#### [WORK INSTRUCTION]
From the data that follows, print exactly the lines starting at the one containing "另有照片显示,陈先生的眼镜镜框左侧断裂。" and ending at the one containing "asfalto y concreto"; include both of them and nothing more.

#### [EXCERPTED DATA]
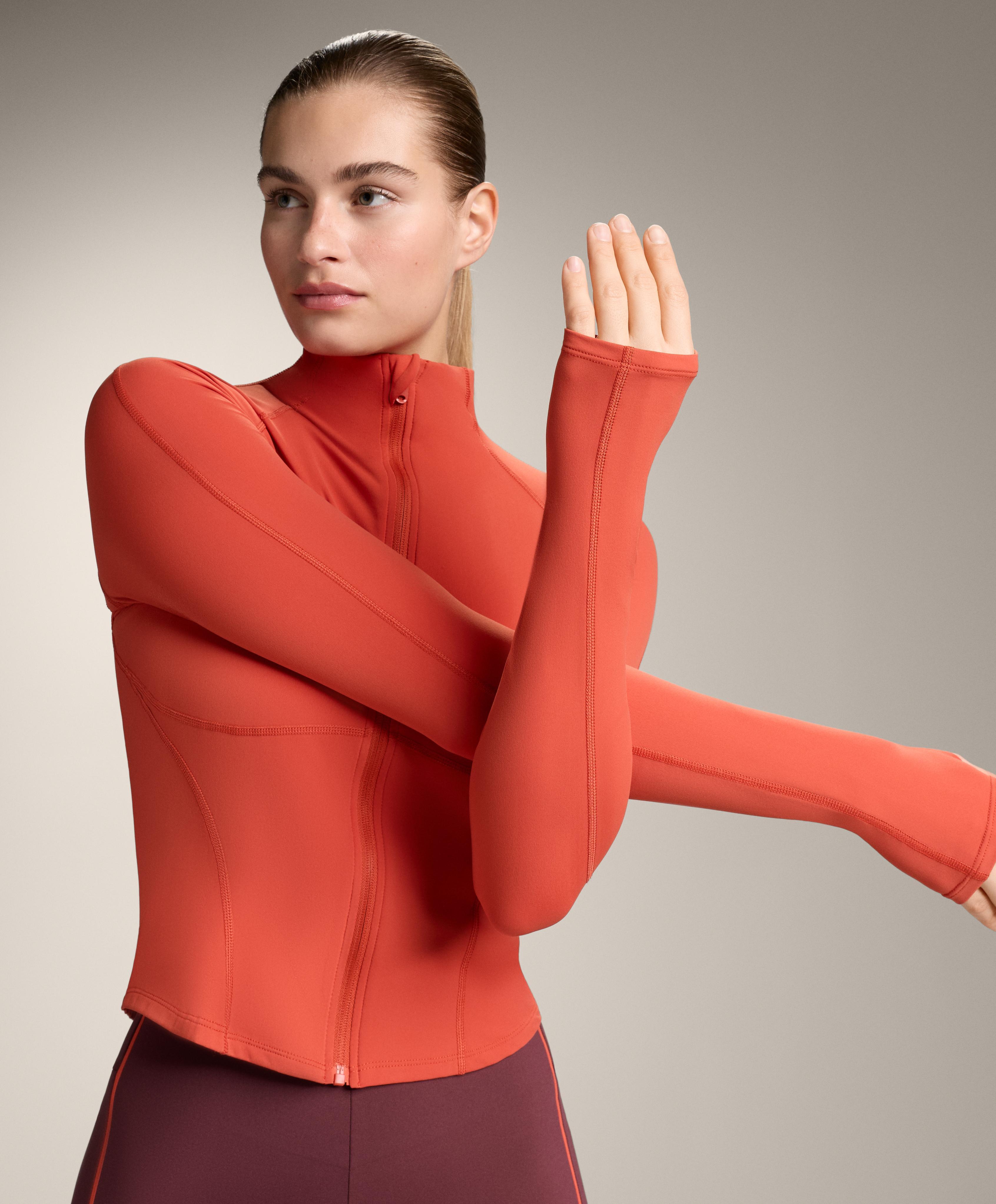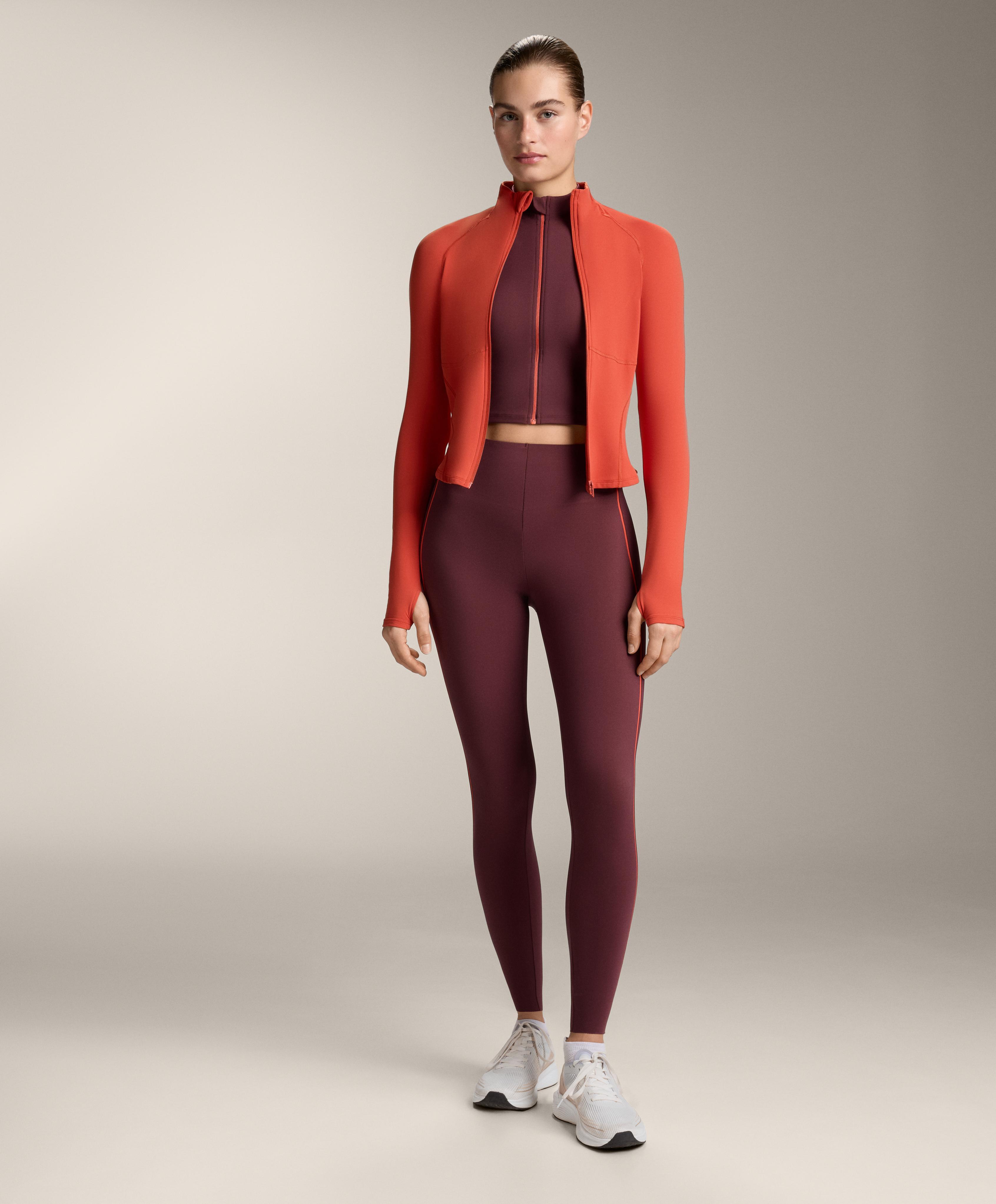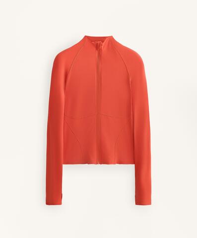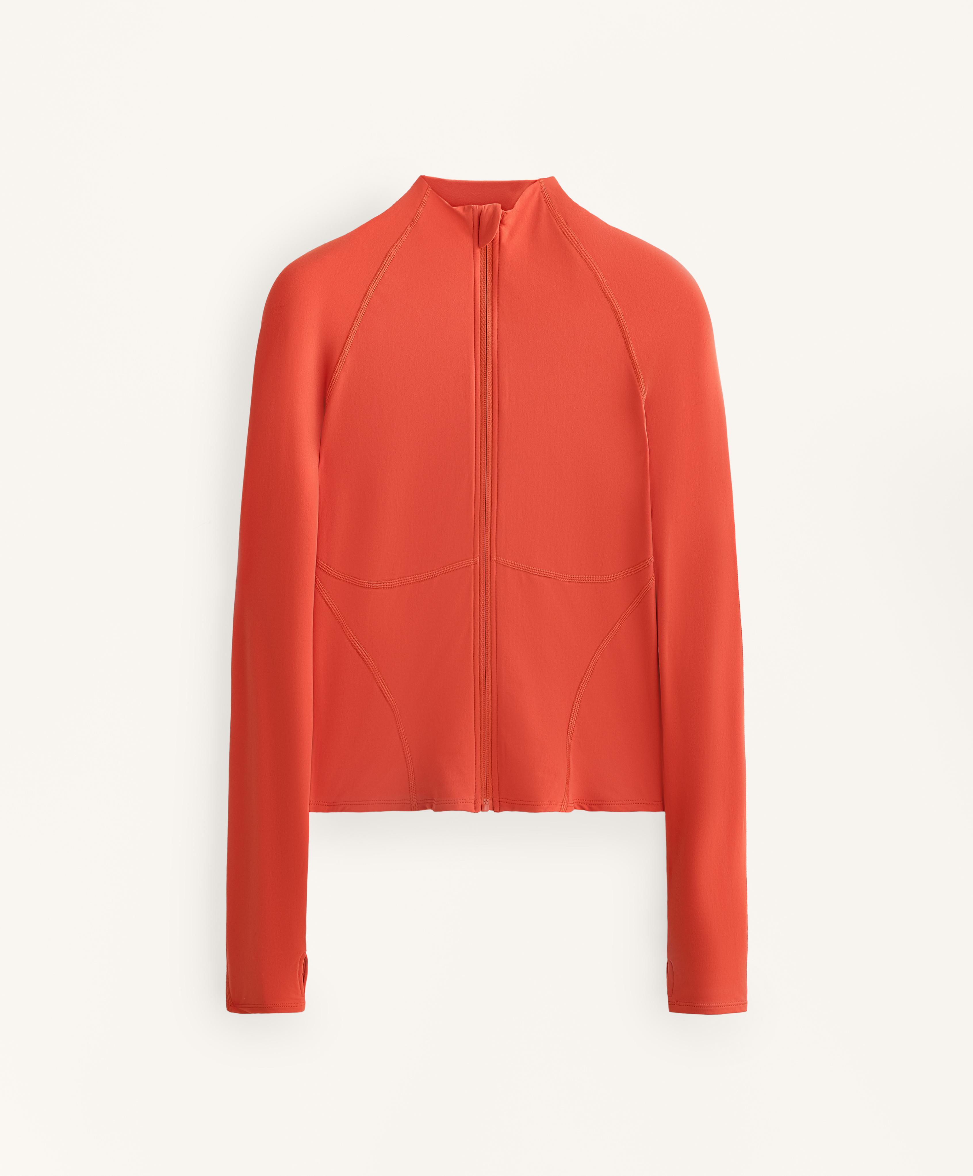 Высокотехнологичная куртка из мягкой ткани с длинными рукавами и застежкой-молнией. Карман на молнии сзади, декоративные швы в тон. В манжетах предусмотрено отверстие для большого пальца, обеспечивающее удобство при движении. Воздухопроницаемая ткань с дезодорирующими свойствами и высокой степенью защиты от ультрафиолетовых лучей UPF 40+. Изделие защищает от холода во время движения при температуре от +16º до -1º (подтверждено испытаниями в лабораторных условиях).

...

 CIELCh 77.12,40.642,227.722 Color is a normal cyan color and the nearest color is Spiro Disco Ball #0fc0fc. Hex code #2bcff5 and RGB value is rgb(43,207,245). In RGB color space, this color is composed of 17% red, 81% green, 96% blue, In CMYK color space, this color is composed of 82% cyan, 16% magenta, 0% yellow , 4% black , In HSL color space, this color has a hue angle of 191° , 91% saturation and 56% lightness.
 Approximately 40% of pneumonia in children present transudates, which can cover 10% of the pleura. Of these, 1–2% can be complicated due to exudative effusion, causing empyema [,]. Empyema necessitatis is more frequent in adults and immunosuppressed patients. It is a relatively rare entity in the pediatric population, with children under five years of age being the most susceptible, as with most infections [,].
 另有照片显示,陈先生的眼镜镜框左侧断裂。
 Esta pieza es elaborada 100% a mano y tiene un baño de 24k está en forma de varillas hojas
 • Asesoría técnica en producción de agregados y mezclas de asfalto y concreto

#### [RESPONSE TO THE EXERCISE]
 另有照片显示,陈先生的眼镜镜框左侧断裂。
 Esta pieza es elaborada 100% a mano y tiene un baño de 24k está en forma de varillas hojas
 • Asesoría técnica en producción de agregados y mezclas de asfalto y concreto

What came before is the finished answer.